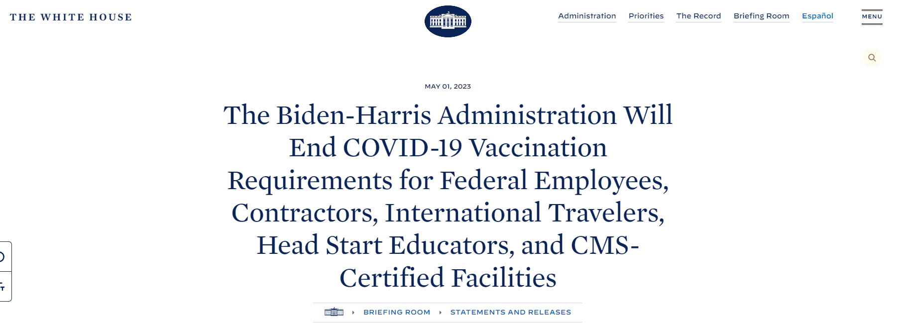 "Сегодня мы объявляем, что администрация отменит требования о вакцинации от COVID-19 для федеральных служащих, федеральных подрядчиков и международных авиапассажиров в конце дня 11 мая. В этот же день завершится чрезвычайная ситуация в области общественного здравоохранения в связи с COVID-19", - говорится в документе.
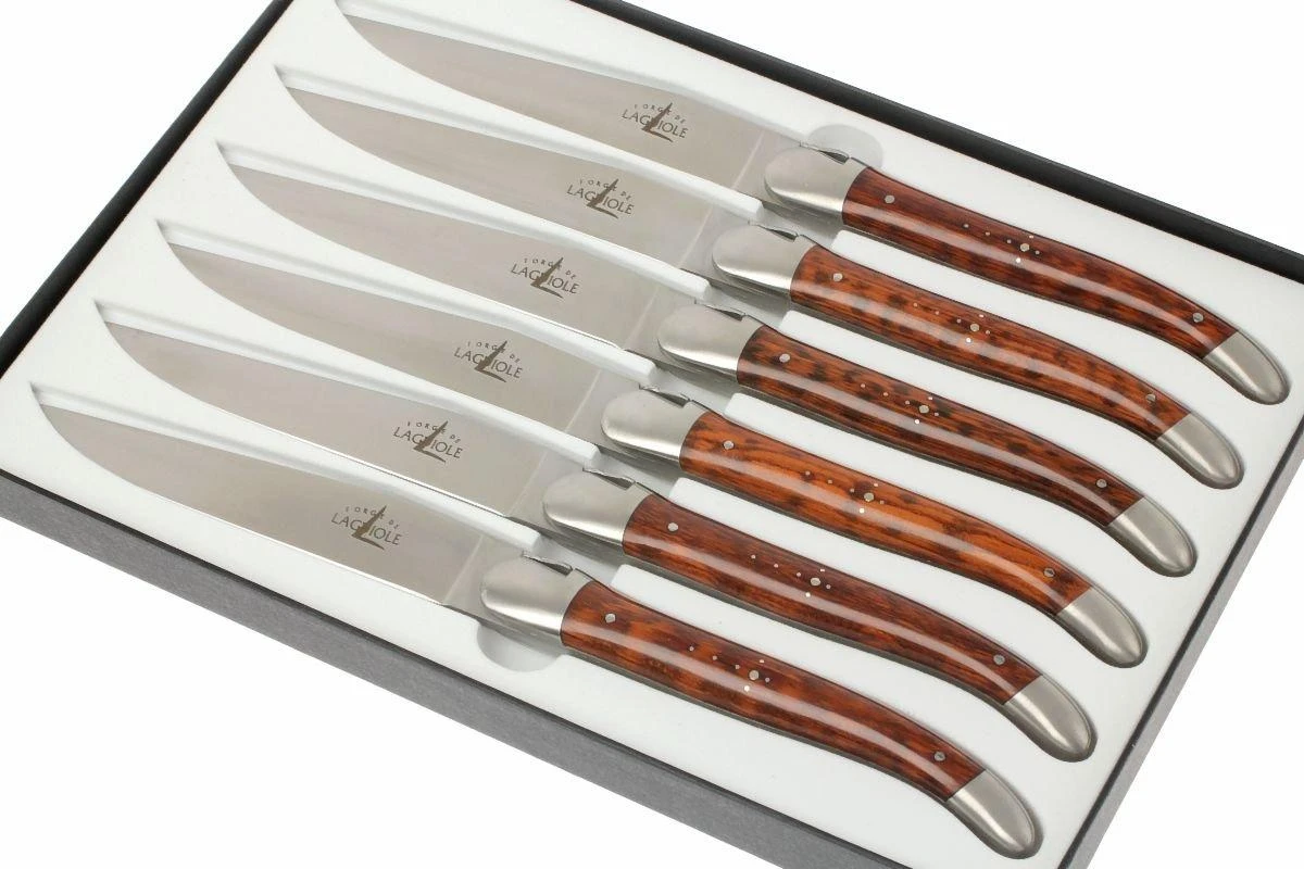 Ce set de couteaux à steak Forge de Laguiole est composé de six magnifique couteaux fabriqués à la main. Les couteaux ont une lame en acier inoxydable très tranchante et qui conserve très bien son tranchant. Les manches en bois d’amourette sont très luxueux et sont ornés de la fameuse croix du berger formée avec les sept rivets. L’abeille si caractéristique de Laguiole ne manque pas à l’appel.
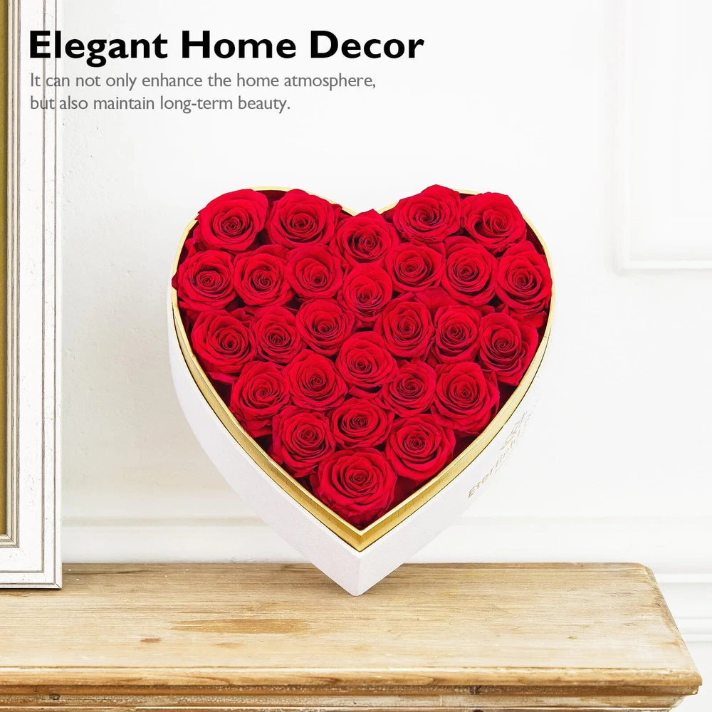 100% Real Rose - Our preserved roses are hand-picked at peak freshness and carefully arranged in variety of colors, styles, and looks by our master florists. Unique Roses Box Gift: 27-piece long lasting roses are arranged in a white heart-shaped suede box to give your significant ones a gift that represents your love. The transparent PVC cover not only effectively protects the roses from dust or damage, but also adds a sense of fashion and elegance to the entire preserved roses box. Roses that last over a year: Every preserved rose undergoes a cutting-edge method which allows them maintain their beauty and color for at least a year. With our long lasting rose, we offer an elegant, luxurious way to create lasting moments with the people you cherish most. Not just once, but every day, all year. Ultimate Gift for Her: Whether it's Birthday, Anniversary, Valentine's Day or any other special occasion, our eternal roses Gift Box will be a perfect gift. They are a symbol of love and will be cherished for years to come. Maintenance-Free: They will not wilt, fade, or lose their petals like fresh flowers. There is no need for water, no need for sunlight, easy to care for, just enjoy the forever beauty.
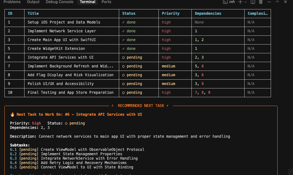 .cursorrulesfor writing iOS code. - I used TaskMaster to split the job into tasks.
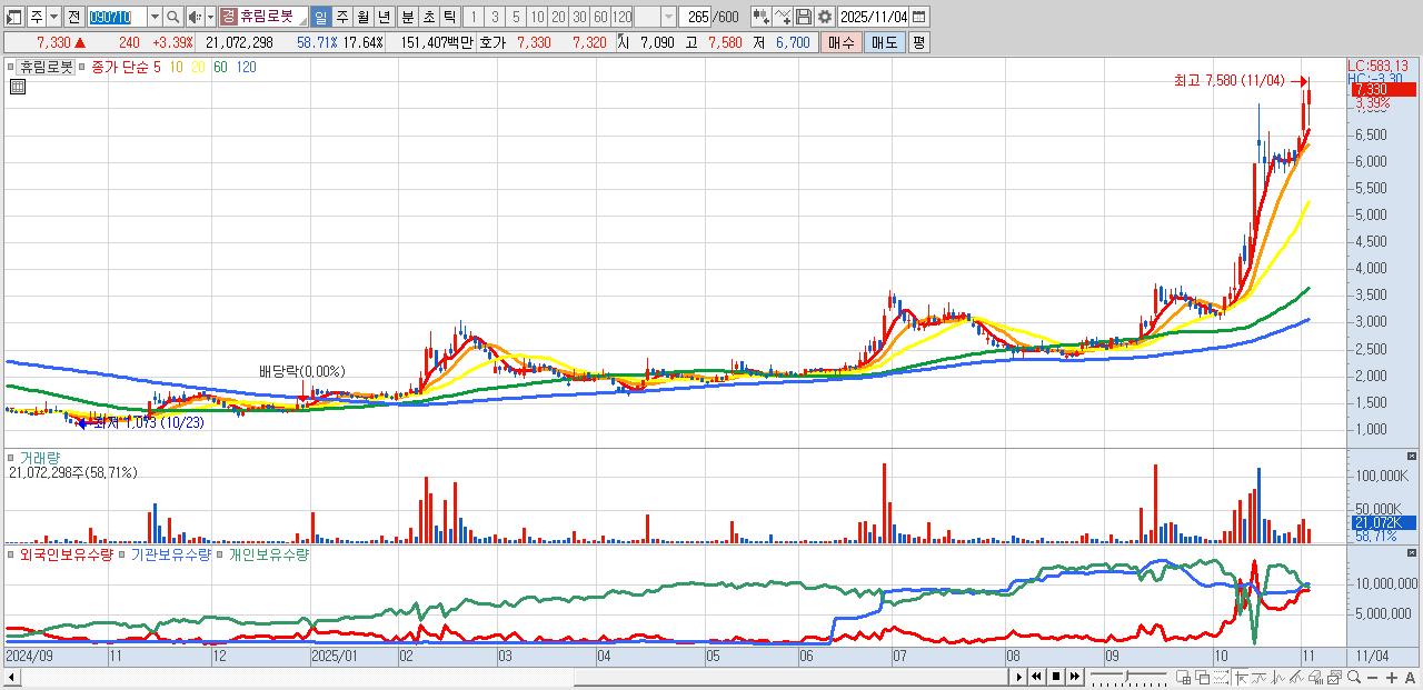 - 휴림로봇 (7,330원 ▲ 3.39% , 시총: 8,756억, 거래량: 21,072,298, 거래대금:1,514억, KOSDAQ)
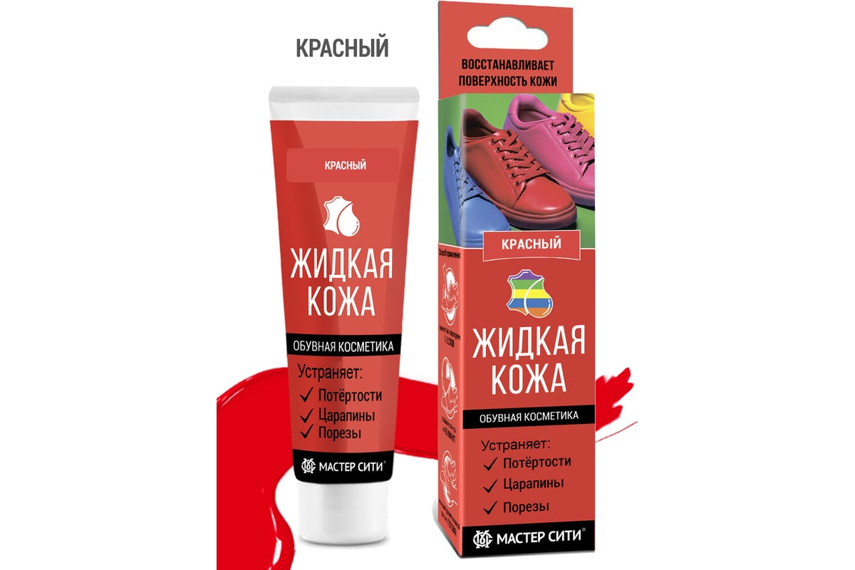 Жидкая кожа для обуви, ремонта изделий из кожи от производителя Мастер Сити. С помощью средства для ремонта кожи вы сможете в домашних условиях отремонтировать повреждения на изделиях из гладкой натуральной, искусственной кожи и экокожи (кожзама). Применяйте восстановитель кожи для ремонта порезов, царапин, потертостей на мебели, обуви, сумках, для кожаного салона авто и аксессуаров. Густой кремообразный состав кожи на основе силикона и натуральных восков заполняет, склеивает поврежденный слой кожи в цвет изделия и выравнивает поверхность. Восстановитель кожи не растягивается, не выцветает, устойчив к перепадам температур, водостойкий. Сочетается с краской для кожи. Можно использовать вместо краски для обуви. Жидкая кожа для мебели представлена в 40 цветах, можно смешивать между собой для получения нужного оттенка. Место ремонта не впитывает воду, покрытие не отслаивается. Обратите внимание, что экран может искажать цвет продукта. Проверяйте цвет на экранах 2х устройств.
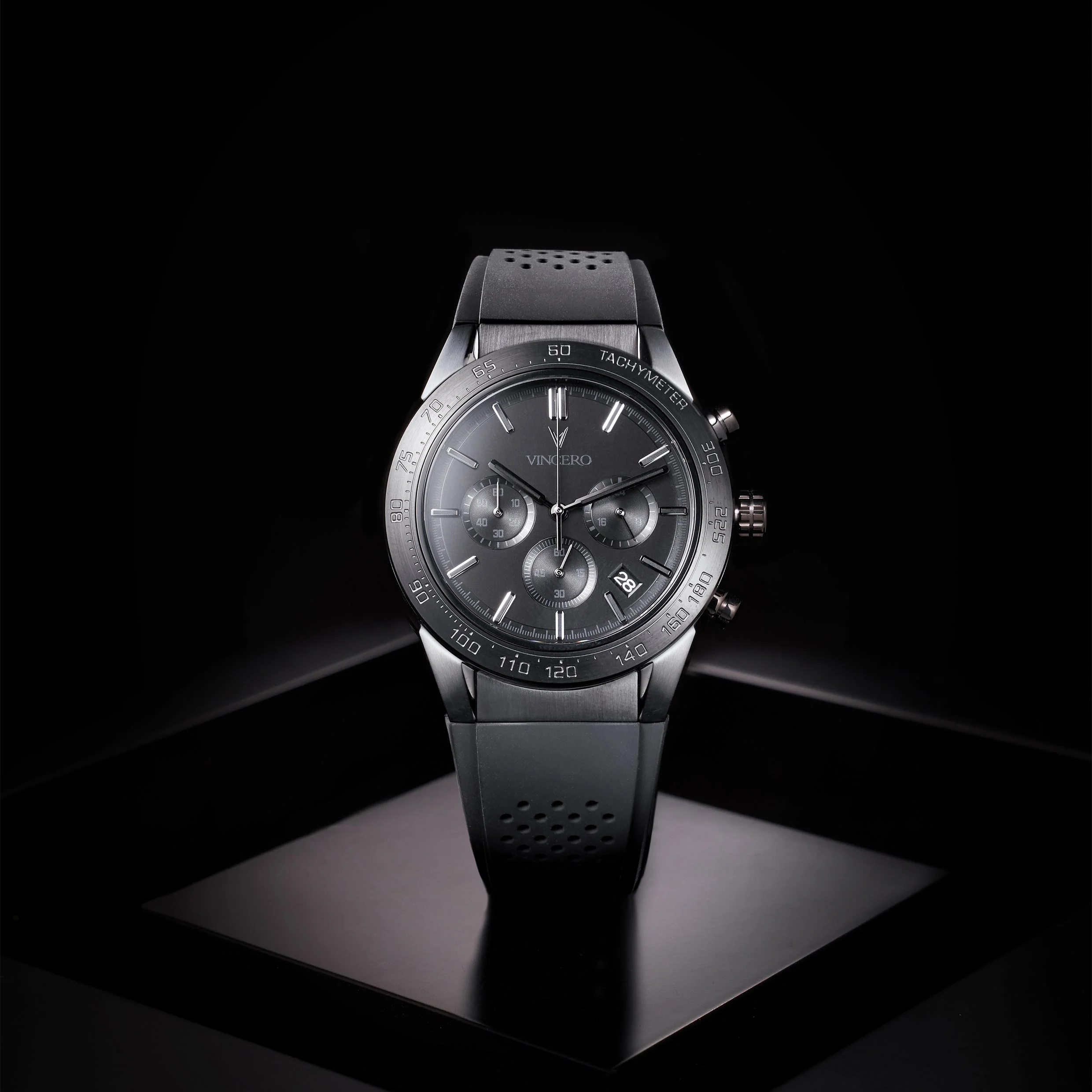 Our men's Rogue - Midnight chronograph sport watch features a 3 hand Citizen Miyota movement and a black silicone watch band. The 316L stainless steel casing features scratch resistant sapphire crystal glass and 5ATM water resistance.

**Requirement:** Return each entry exactly as it appears above, but exclude the pictures.

**Result for this task:**
 "Сегодня мы объявляем, что администрация отменит требования о вакцинации от COVID-19 для федеральных служащих, федеральных подрядчиков и международных авиапассажиров в конце дня 11 мая. В этот же день завершится чрезвычайная ситуация в области общественного здравоохранения в связи с COVID-19", - говорится в документе.
 Ce set de couteaux à steak Forge de Laguiole est composé de six magnifique couteaux fabriqués à la main. Les couteaux ont une lame en acier inoxydable très tranchante et qui conserve très bien son tranchant. Les manches en bois d’amourette sont très luxueux et sont ornés de la fameuse croix du berger formée avec les sept rivets. L’abeille si caractéristique de Laguiole ne manque pas à l’appel.
 100% Real Rose - Our preserved roses are hand-picked at peak freshness and carefully arranged in variety of colors, styles, and looks by our master florists. Unique Roses Box Gift: 27-piece long lasting roses are arranged in a white heart-shaped suede box to give your significant ones a gift that represents your love. The transparent PVC cover not only effectively protects the roses from dust or damage, but also adds a sense of fashion and elegance to the entire preserved roses box. Roses that last over a year: Every preserved rose undergoes a cutting-edge method which allows them maintain their beauty and color for at least a year. With our long lasting rose, we offer an elegant, luxurious way to create lasting moments with the people you cherish most. Not just once, but every day, all year. Ultimate Gift for Her: Whether it's Birthday, Anniversary, Valentine's Day or any other special occasion, our eternal roses Gift Box will be a perfect gift. They are a symbol of love and will be cherished for years to come. Maintenance-Free: They will not wilt, fade, or lose their petals like fresh flowers. There is no need for water, no need for sunlight, easy to care for, just enjoy the forever beauty.
 .cursorrulesfor writing iOS code. - I used TaskMaster to split the job into tasks.
 - 휴림로봇 (7,330원 ▲ 3.39% , 시총: 8,756억, 거래량: 21,072,298, 거래대금:1,514억, KOSDAQ)
 Жидкая кожа для обуви, ремонта изделий из кожи от производителя Мастер Сити. С помощью средства для ремонта кожи вы сможете в домашних условиях отремонтировать повреждения на изделиях из гладкой натуральной, искусственной кожи и экокожи (кожзама). Применяйте восстановитель кожи для ремонта порезов, царапин, потертостей на мебели, обуви, сумках, для кожаного салона авто и аксессуаров. Густой кремообразный состав кожи на основе силикона и натуральных восков заполняет, склеивает поврежденный слой кожи в цвет изделия и выравнивает поверхность. Восстановитель кожи не растягивается, не выцветает, устойчив к перепадам температур, водостойкий. Сочетается с краской для кожи. Можно использовать вместо краски для обуви. Жидкая кожа для мебели представлена в 40 цветах, можно смешивать между собой для получения нужного оттенка. Место ремонта не впитывает воду, покрытие не отслаивается. Обратите внимание, что экран может искажать цвет продукта. Проверяйте цвет на экранах 2х устройств.
 Our men's Rogue - Midnight chronograph sport watch features a 3 hand Citizen Miyota movement and a black silicone watch band. The 316L stainless steel casing features scratch resistant sapphire crystal glass and 5ATM water resistance.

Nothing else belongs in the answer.